HSV-Aufsichtsrat wünscht sich Professionalität
Dass Mutzel sich in einer Transfer-Angelegenheit (bezogen auf den Kauf des zuvor geliehenen Mario Vuskovic) per Mail ohne Absprache an beide Vorstände (und nicht nur an Boldt) wandte, führte der Sportvorstand ebenso ins Feld wie die An- und Abreise Mutzels und Wüstefelds in einem Auto zum Spiel in Kiel, das Anfang April stattfand. Für die einen stellt dies Vertrauensbrüche dar, für andere (wie auch das Gericht) normale Vorgänge. Eine E-Mail und eine Autofahrt eben. Mehr nicht. Und gewiss kein Grund für den 40-Jährigen, Mutzel derart abzusägen.
Wie aber denkt der Aufsichtsrat darüber? Die Kontrolleure sollen den durch Boldts Aussagen öffentlich zu Tage getretene Riss im Vorstand mit großer Sorge und sehr irritiert aufgenommen haben. Denn in eigentlich jeder Sitzung der Räte sollen die beiden Vorstände auch auf Nachfrage alle Differenzen stets beiseite gewischt haben. Motto: Alles halb so wild, wir machen das schon, keine Sorge.

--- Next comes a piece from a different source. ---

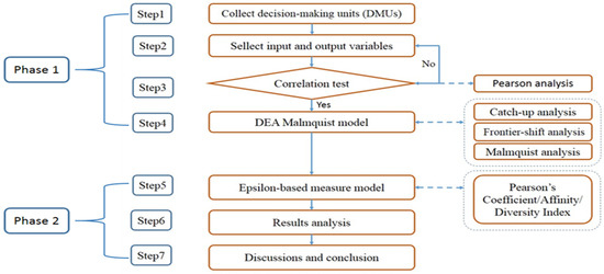 In this study, the DEA–Malmquist and EBM models were used to evaluate the efficiency of 10 Vietnamese textile and garment enterprises from 2017 to 2020. As shown in Figure 3, the research process could be divided into two phases. In the first phase, the DEA–Malmquist model was used to productivity index analysis to evaluate total productivity changes resulting from technical efficiency change (catch-up) and technological efficiency change (frontier-shift) with inputs (total assets, cost of goods sold, and liabilities) and outputs (total revenue and gross profit). Before applying the DEA–Malmquist model, Pearson correlation was used to evaluate the correlation between input and output variables. In the second phase, the EBM model was used to calculate the efficiency and inefficiency score of DMUs. Before using the EBM model, the diversity and affinity coefficient indices were verified.

„Kindergarten“: HSV-Aufsichtsrat reagiert irritiert auf Boldts Aussagen
Klar, dass Teile des Gremiums verstimmt sind. Der Begriff „Kindergarten“ macht die Runde. Damit müsse nun Schluss sein.
Zeitnah soll es zu Gesprächen mit beiden Vorständen kommen, dann aber einzeln, um den Dingen genauer auf den Zahn fühlen zu können. Mit Spannung dürfte zu beobachten sein, ob beide dann bei ihrer Haltung des „Wir schaffen das schon“ bleiben. Boldt zumindest dürfte nach seinen Darstellungen vor Gericht Probleme haben, die These des unproblematischen Miteinanders vor den Räten aufrecht zu erhalten.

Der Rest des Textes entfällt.